“Almost eight years after the annexation of Crimea, Ukraine remains central in the geopolitical confrontation between Europe and Russia”

VSis the mystery of the moment. What is happening on the Russian side along the Ukrainian border? Nothing unusual, senior officials in Kiev told us last week, as Washington began to sound the alarm bells over worrying clanking of boots.

The Ukrainians know that after their last show of force in April in this area, where they had massed some 100,000 men, the Russians had left behind them heavy equipment, a sign of a likely return. Since then, Kiev has been on the lookout for any movement that heralds hostile military preparations: at the beginning of November obviously, we were not there yet.

Read the editorial of the “World”: Between Russia and Ukraine, a worrying resurgence of tension

Everything changed on November 10 with the visit to Washington of the head of Ukrainian diplomacy, Dmytro Kuleba. The American thesis of a new concentration of Russian forces likely to constitute a threat of invasion then became the dominant discourse, from Kiev to NATO. Puzzled, some Europeans are wondering, including those most sensitive to the Russian threat: what is Moscow doing? And what does Washington want?

France is one of the cautious. She nonetheless straddled the theory of the worst and duly warned the Kremlin, Monday, November 15, against the consequences of a new attack on the territorial integrity of Ukraine. And during the long telephone interview they had on Monday, the Elysee said, Emmanuel Macron expressed to President Vladimir Putin his “Deep concern” on this subject.

Multiplication of crises on the European continent

In fact, nearly eight years after the annexation of Crimea and the Russian intervention in the Donbass by intervening separatists, no one dares rule out the possibility of a new incursion into Ukraine. First, because in the multiplication of crises on the European continent, from the instrumentalization of migrants by Belarus to that of gas, including nationalist agitation in the Western Balkans, as well as in the more distant crises in Sahel, Libya or Syria, the shadow of the Kremlin is never far away. Secondly, because Ukraine remains central in the geopolitical confrontation with Russia.

In 2021, two visions are opposed in this country of nearly 40 million inhabitants.

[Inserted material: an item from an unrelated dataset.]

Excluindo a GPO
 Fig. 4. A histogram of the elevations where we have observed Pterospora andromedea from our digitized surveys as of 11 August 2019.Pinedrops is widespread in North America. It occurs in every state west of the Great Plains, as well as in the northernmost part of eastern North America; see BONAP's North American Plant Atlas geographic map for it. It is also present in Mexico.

That of Kiev, its beautifully renovated architecture, its dynamic and flourishing IT sector, its promising market for large contracts and its muddled democracy which is progressing step by step, under the friendly pressure of international donors.

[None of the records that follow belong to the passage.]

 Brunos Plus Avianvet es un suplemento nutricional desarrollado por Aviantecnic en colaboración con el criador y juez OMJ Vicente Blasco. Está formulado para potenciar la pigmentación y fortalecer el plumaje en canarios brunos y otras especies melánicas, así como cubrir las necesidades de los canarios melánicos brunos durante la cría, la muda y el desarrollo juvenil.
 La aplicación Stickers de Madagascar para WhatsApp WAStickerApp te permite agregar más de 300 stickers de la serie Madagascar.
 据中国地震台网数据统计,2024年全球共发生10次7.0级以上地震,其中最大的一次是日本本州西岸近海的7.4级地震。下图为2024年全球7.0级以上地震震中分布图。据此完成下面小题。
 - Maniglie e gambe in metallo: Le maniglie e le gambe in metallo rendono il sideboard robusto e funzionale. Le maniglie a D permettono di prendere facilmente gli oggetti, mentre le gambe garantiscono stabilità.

And then there is, 800 km away, to the south-east, near Mariupol, the grim spectacle of another century, the line of contact with “The Russian enemy”, a no man’s land barred by trenches that can only be approached aboard military tanks: what was a pretty seaside resort on the Sea of ​​Azov, Shyrokyne, a holiday resort for the people of Donetsk, is more, since the bombings of 2015, than a ghost village with buildings smashed by shells and missiles. Here, the conflict is practically frozen. Further north in Donbass, it remains active, “Low intensity” but still intense enough to kill regularly and justify on the Ukrainian side an army of 250,000 soldiers, whose budget devours nearly 6% of gross domestic product.